(EXTRACTED INFORMATION)

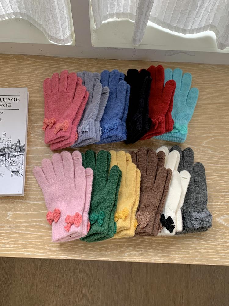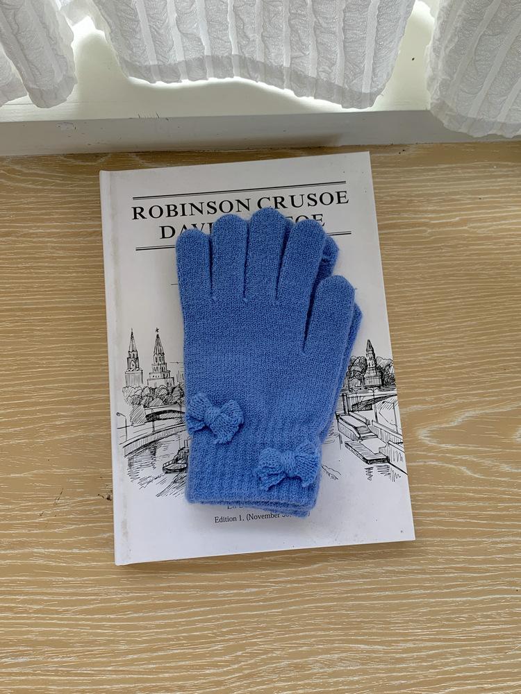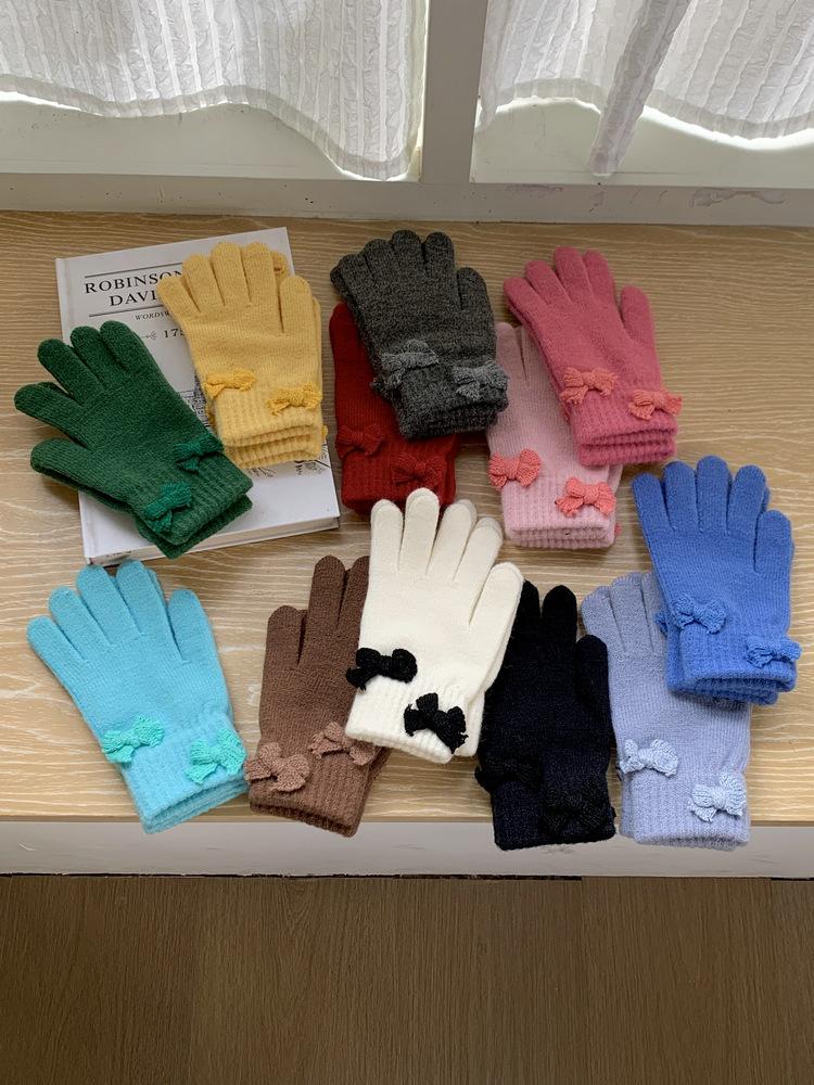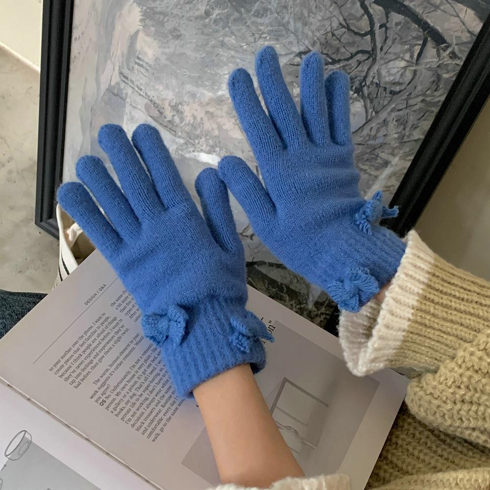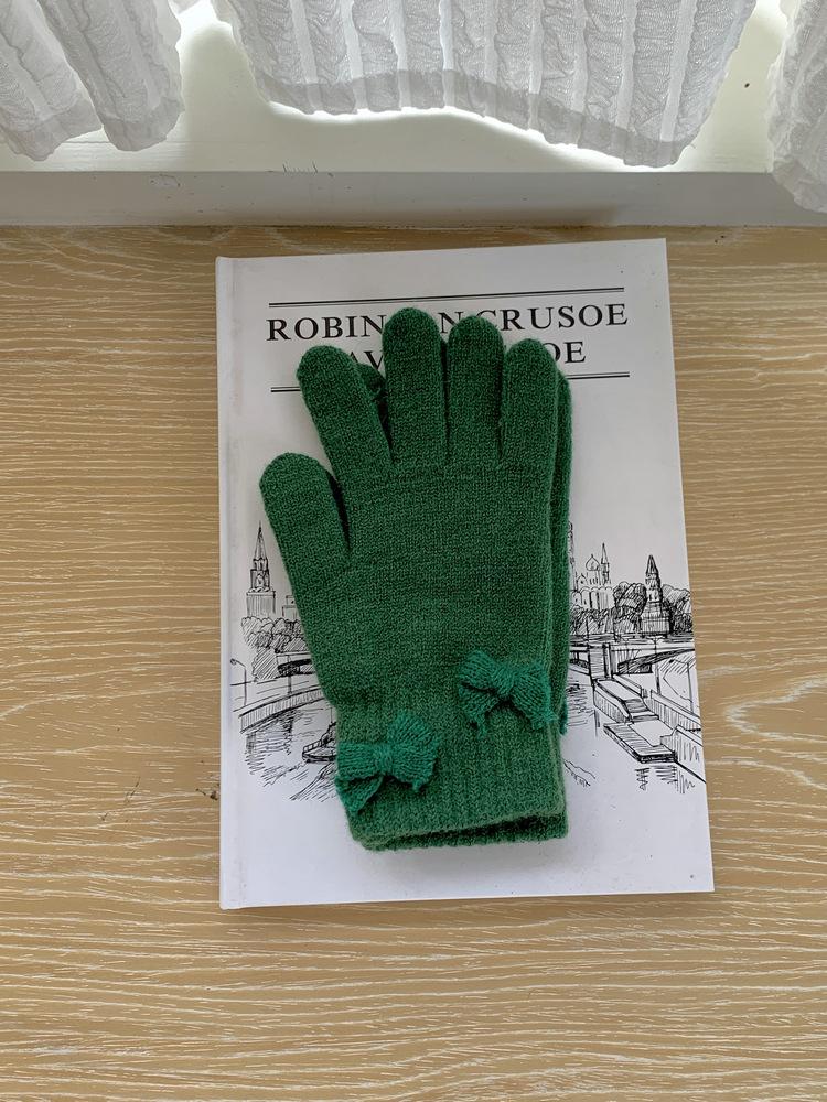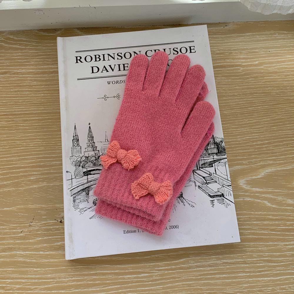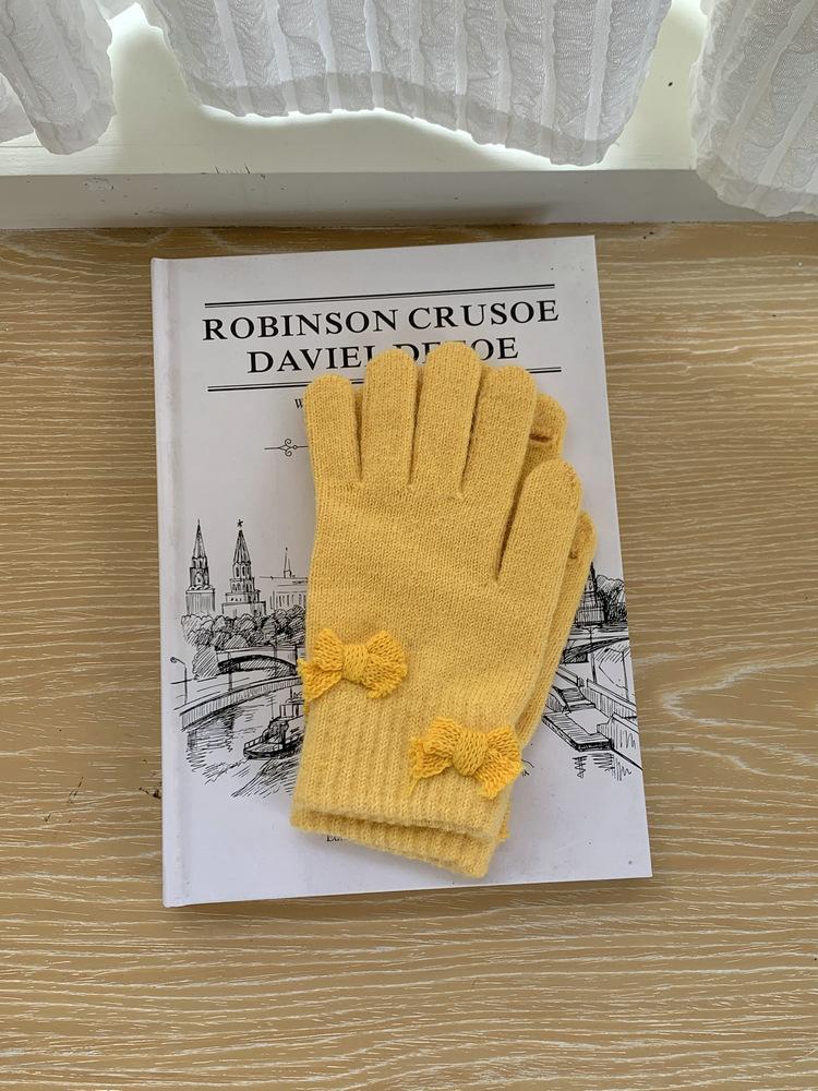 Guantes de Punto con Lazo Coreano Color Caramelo de Chica Dulce Invierno Cálido Dedos Expuestos para Montar Guantes a Prueba de Frío
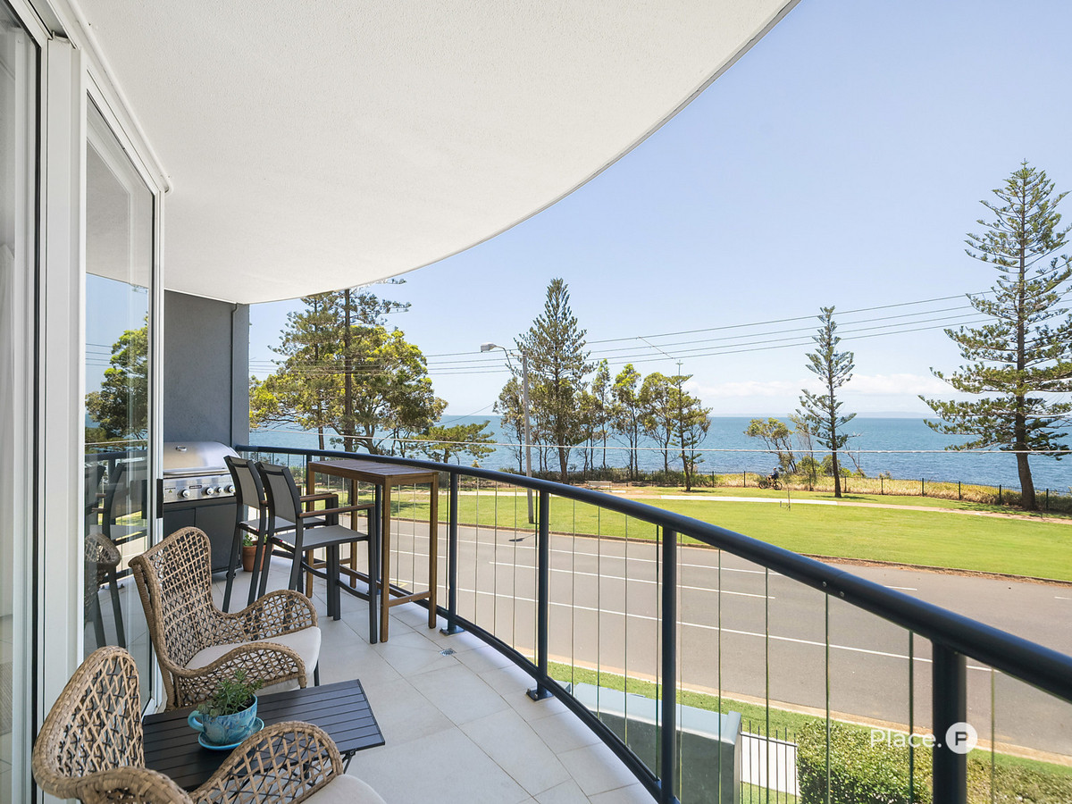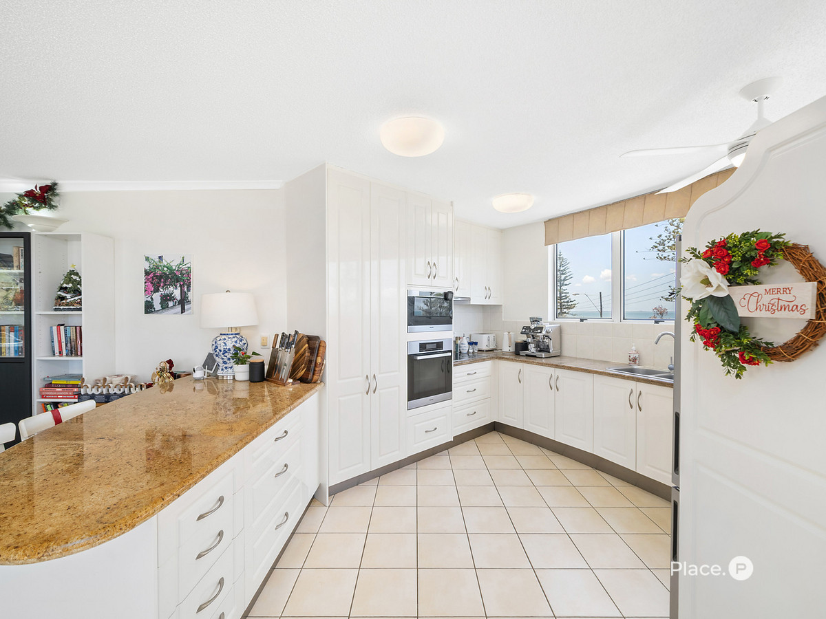 With only 14 apartments in the building, this residence offers a rare sense of privacy, space, and quiet coastal living—made even more appealing by its elevated middle-floor position and breathtaking, uninterrupted views across Moreton Bay and Moreton Island.
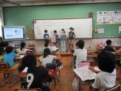 単元のまとめ「オリジナル時間割の発表会」をしました。どの班も習ったことを生かし,各曜日の時間割を発表できました。スペシャル科目もいろいろあって面白かったです。みんなの前での発表も慣れてきたようです。
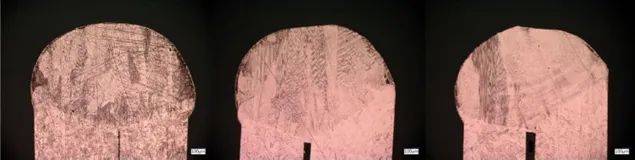 Bar winding motors已成為電動汽車傳動系統(tǒng)的事實標準。它們?nèi)〈藰藴实膶?dǎo)線繞組,采用了更高的填充系數(shù)設(shè)計,提高了電氣效率和熱傳導(dǎo)。它們是通過將預(yù)制銅線插入定子槽中制造的。預(yù)制件或多或少呈U形,因此當(dāng)插入導(dǎo)線時,它們各自會留下兩個未連接的端部,從定子伸出。所有突出的電線都必須連接起來,而且速度和質(zhì)量同樣重要。對于這種應(yīng)用,將熱影響區(qū)降至最低也很重要,因為過多的熱量會降低絕緣性能。如圖3所示,藍色激光快速焊接1 mm×2 mm接頭,沒有缺陷,對組件的熱影響很小——所有這些都比TIG或高功率紅外激光替代品有所改進。
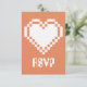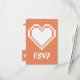 This fun and geeky RSVP card features a coral background and a large 8-bit heart in white on the front. A coral border along the bottom edge of the card with a pattern of white video game related icons, including joysticks, D-pads, computer mice, and pixel hearts, decorates the back with some sample text in place above that can be customised to fit your needs.
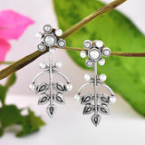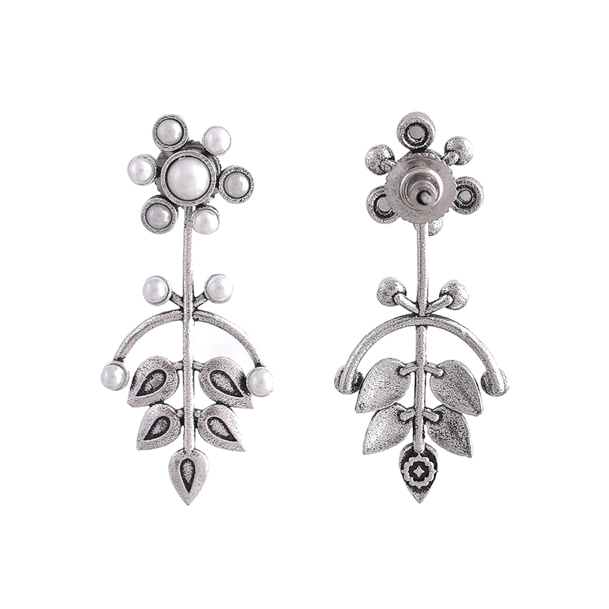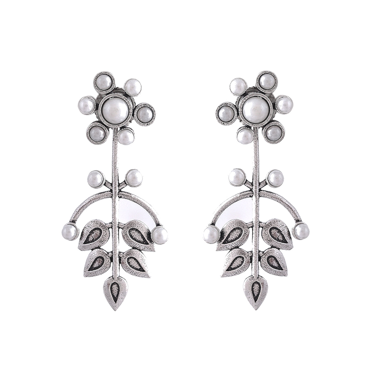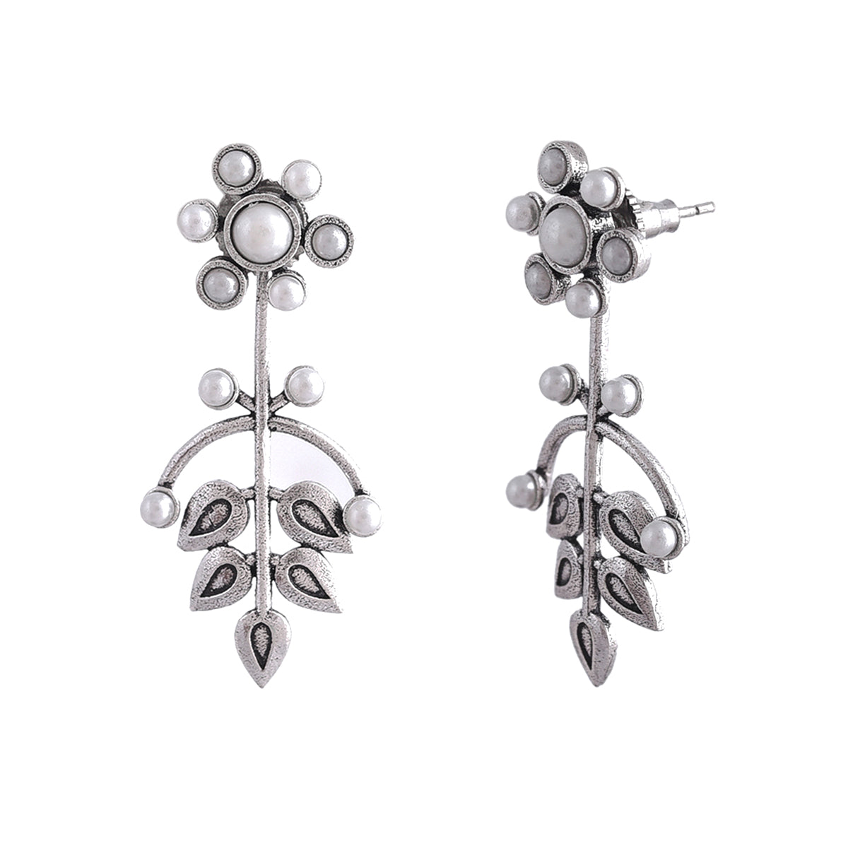 Edgy and eye-catching earrings dotted with white pearls, designed as a tribute to the lovely and resilient fern leaf. Made from brass, the delicate earrings have been given an oxidized silver plating. Pair with any of your favorite outfits.
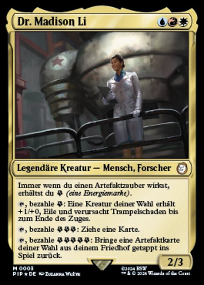 | Rules | Whenever you cast an artifact spell, you get (an energy counter). , Pay : Target creature gets +1/+0 and gains trample and haste until end of turn. , Pay : Draw a card. , Pay : Return target artifact card from your graveyard to the battlefield tapped. |
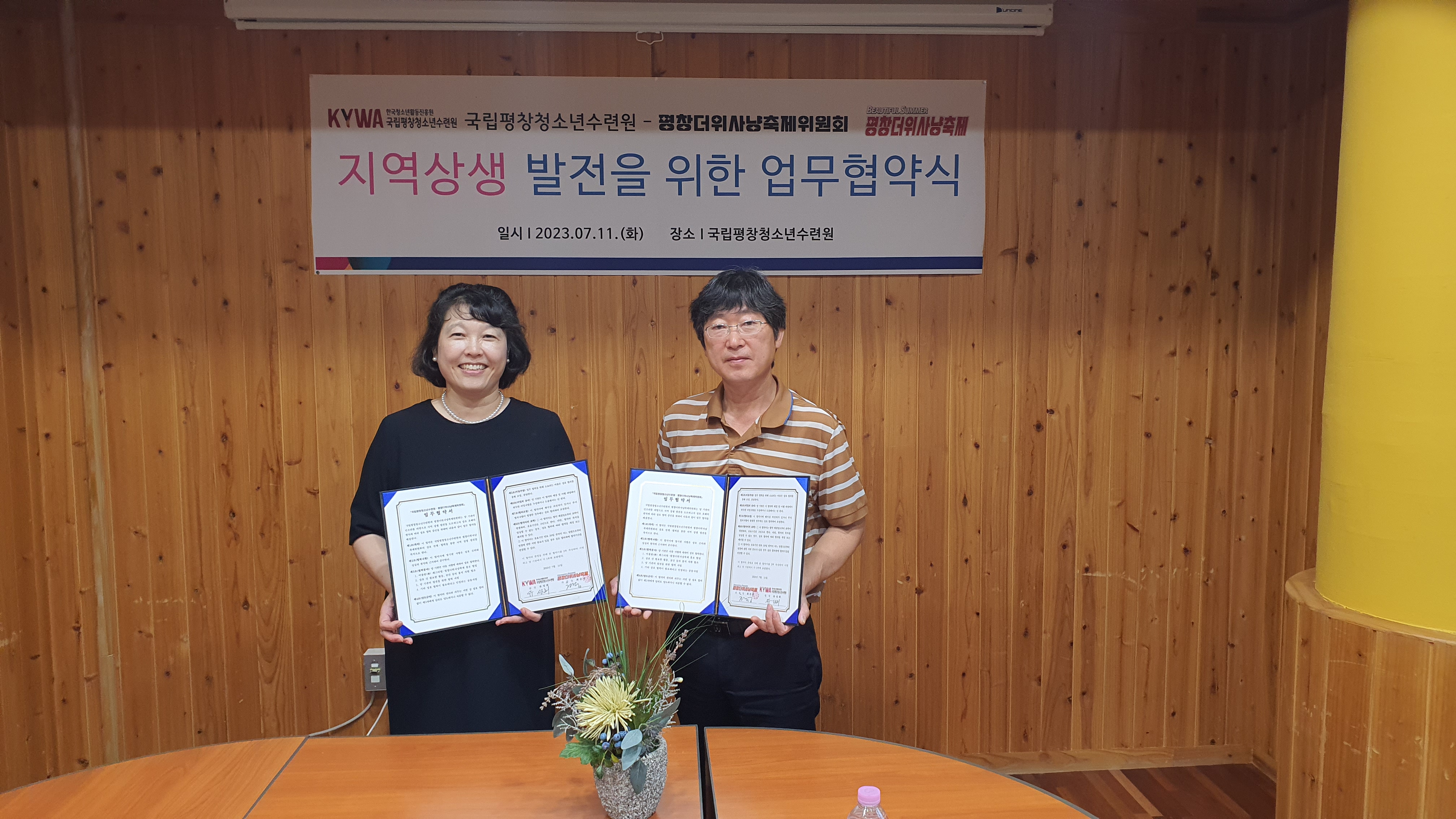 평창더위사냥축제위원회(위원장 최돈중)와 국립평창청소년수련원(수련원장 유성희)은 지난 12일, 지역 상생 발전을 위한 업무협약을 맺었다. 앞으로 국립평창청소년수련원과 평창더위사냥축제위원회(위원장 최돈중)는 인적, 물적 자원의 협조로 양기관의 발전에 힘을 보탤 계획이다. 평창군의 대표적인 여름 축제인 평창더위사냥축제와 국립평창청소년수련원의 협업으로 인해 23년 평창군의 여름이 더욱 풍성해 질 것으로 기대되고 있다.
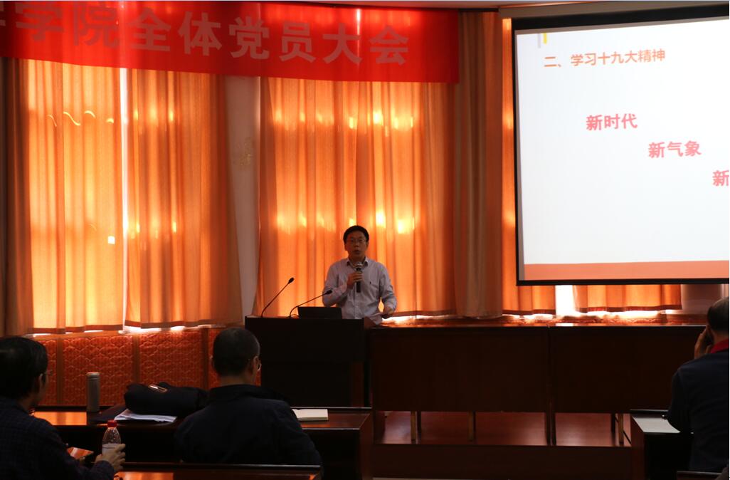 选举活动结束后,王甫书记为全体参会党员上党课,集中学习党的十九大会议精神。他首先传达了10月26日,教育部召开的教育系统学习贯彻十九大精神视频会议的相关精神,传达了学校党委书记何光彩同志对学校如何学习贯彻落实提出的具体要求。按照党中央部署和教育部统一安排,教育系统要把学习宣传贯彻党的十九大精神作为当前和今后一个时期的首要政治任务。王甫要求各位党员同志要“学起来、教起来、传起来、研起来、干起来、实起来”,迎接新时代,焕发新气象,创造新作为,将十九大精神落实到“教书育人、立德树人”的工作实践中去,希望龙珠直播 全体党员教师加强师德师风建设,提高党性修养,做教书育人、立德树人的楷模,做严肃科研经费管理,关爱学生成长的楷模。希望各位学生党员做坚定理想信念、立志成长成才的模范,做艰苦奋斗、勇于创新的模范。
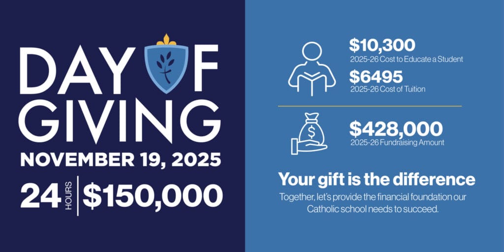 Day of Giving is our largest fundraiser that contributes to our 2025-2026 overall fundraising goal of $428,000. It is important that we meet this goal to keep tuition affordable and a Catholic education accessible to all.

(End EXTRACTED INFORMATION)

● **WHAT IS REQUIRED**
Pictures stay out. Print the lines of the records above exactly, from the first through the one with "単元のまとめ「オリジナル時間".

● **SOLVED EXERCISE**
 Guantes de Punto con Lazo Coreano Color Caramelo de Chica Dulce Invierno Cálido Dedos Expuestos para Montar Guantes a Prueba de Frío
 With only 14 apartments in the building, this residence offers a rare sense of privacy, space, and quiet coastal living—made even more appealing by its elevated middle-floor position and breathtaking, uninterrupted views across Moreton Bay and Moreton Island.
 単元のまとめ「オリジナル時間割の発表会」をしました。どの班も習ったことを生かし,各曜日の時間割を発表できました。スペシャル科目もいろいろあって面白かったです。みんなの前での発表も慣れてきたようです。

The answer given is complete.